Accrued Interest said...

I really think the contagion will be temporary, but if it is larger, its a great chance to get long risk.

Latin in London said...

Excellent blog! Congratulations.

I would like to ask you a question.

You wrote:

"..Both the CDO structure and the ABS structure cause defaults to hit your junior tranches first and your senior tranches only after the junior tranches have been wiped out.."

If a tranch in a CDO is defaulted, let us say the junior one, but still got to pay the more seniors, can you say that the CDO defaulted??

Because otherwise I do not understand why do you say (in you e.g) that a 10% default in the ABS Junior Tranch, that clearly defaults the CDO Junior Tranch, implies a default of the CDO overall.

I would appreciate your answer.

Thank you for your time
Mariano

Accrued Interest said...

Thanks for the kind words. Sorry I haven't posted yet this week.

I honestly don't know if its generally said that a CDO deal has defaulted if just one of the tranches is in default. When I was writing I was using the term "default" on a tranche specific basis.

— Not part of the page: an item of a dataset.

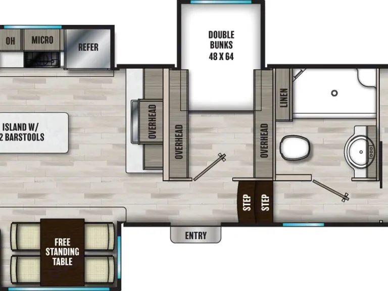 We take care of the work so you can Relax!! Your trailer will be delivered & setup with the AC & fridge turned on. Once you are done, we will pick it up & take care of dumping the tanks. Enjoy the features of this rental such as a refrigerator, stovetop, microwave, bathroom & a Cold AC!! Our staff is available during your stay to answer any questions & take care of any issues.This rental rate Includes delivery/pickup, set-up, propane, basic insurance, basic cleaning, tank flushing & dumping (at on site dump station). Enjoy Off-Season discounts starting at 10% off. Rates are based on a 3 night min. Some 2 night dates are available, call to check your dates. Interested in learning more? Scroll below for more add-on details, rules, insurance coverage, rates and floor plans.Queen bed

Anyway, here is what can happen.

Let's say you own 100 different Baa2-rated sub-prime RMBS deals. Let's say any of your RMBS pools can only withstand 8% defaults before its out of subordination. 10% therefore puts any one of your deals in default.

Now, let's say that nationwide, sub-prime loans default at a 10% rate. Well there is a pretty good chance that most of your RMBS tranches will default. Now your whole CDO, from top to bottom, is in trouble.